A team of researchers in the United States and Britain have found that what's in and what's out changes at a predictably consistent rate and most people are simply copycats when it comes to popular culture.
"People like to think they're innovative or looking for the hot new thing," said Dr. Carl Lipo of California State University, Long Beach.
"In fact, the effect is, they're just choosing based on the frequency of possibilities they encounter," the co-author of the study added in an interview.
How parents select the name for their child or the breed of their pet is very different, according to the researchers.
"Yet we found that the pattern of change is amazingly similar," said Lipo.
The researchers, who published their findings in the journal Evolution and Human Behavior, examined a Billboard Top 200 chart and found that the monthly average number of albums entering and exiting the chart stayed at a fixed rate of 5.6 per cent over a 30-year period, despite the different ways people can access music today.
Similar results were found when baby names from 1860 to the present documented by the US Social Security Administration were examined.
The scientists also found that the speed of change depends on the number of choices -- the more options, the quicker trends come and go.
But population size had no impact. A bigger population brings more new ideas but it also means greater competition, so the two variables balance each other.

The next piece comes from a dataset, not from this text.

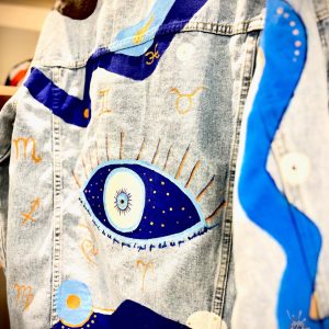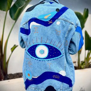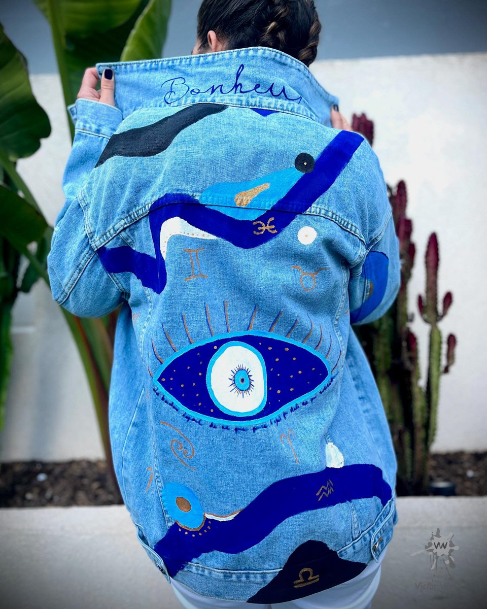 “L’œil bleu grec protège, les signes du zodiaque nous rappellent notre lien Ă  l’univers, et le mot Bonheur, simple et puissant, ancre l’intention. Cette veste est un talisman. Une armure douce pour affronter la rĂ©alitĂ© avec force et poĂ©sie.”

Predicting what will actually be popular is a game of chance.
Celebrities are copied more, but it is change itself that is in demand, more or less regardless of content, according to Dr. Alex Bentley, the lead author of the study from Durham University in England.
"Madonna knows this -- staying on top for two decades by changing her image constantly," he said in a statement.
Only about two per cent or less of the population are considered innovators, or people who set the trends.
Lipo believes innovation rate may be the most critical variable in the long run.
"We'd like to think we're making all these really great rational choices and directing change, but an enormous amount of what we do is random copying," he said.